Would you please output the lines of the data below from the one containing "2006 Ahmed, Nabila." to the end, exactly and with nothing added?

※ ※ ※

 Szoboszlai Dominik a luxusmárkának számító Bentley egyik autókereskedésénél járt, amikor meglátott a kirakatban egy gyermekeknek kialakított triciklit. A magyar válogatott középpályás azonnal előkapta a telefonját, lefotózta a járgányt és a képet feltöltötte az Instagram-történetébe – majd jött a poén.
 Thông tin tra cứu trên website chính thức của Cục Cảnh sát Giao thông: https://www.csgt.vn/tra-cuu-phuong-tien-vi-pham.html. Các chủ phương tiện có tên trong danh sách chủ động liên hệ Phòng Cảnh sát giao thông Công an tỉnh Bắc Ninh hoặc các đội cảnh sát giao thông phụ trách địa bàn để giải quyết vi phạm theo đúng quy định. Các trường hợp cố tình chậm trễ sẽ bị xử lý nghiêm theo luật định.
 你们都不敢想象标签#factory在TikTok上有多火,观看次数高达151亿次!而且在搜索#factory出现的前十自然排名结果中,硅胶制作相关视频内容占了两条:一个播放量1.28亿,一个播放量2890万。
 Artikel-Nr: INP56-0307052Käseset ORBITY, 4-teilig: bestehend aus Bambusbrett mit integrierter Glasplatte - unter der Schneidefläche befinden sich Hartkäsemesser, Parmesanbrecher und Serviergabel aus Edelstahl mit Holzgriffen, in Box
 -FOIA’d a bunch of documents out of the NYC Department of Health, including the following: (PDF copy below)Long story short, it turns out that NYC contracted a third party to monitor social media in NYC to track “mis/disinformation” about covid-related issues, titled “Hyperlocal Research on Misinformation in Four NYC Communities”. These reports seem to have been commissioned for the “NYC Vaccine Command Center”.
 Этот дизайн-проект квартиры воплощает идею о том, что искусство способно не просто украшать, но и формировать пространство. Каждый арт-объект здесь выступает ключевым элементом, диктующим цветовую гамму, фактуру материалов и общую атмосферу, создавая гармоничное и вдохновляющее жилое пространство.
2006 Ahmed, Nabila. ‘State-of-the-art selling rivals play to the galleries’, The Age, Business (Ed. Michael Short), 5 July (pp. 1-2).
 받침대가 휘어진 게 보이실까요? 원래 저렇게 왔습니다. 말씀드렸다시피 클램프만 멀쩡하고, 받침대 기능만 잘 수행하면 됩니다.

※ ※ ※

* **RESPONSE TO THIS TASK**:
2006 Ahmed, Nabila. ‘State-of-the-art selling rivals play to the galleries’, The Age, Business (Ed. Michael Short), 5 July (pp. 1-2).
 받침대가 휘어진 게 보이실까요? 원래 저렇게 왔습니다. 말씀드렸다시피 클램프만 멀쩡하고, 받침대 기능만 잘 수행하면 됩니다.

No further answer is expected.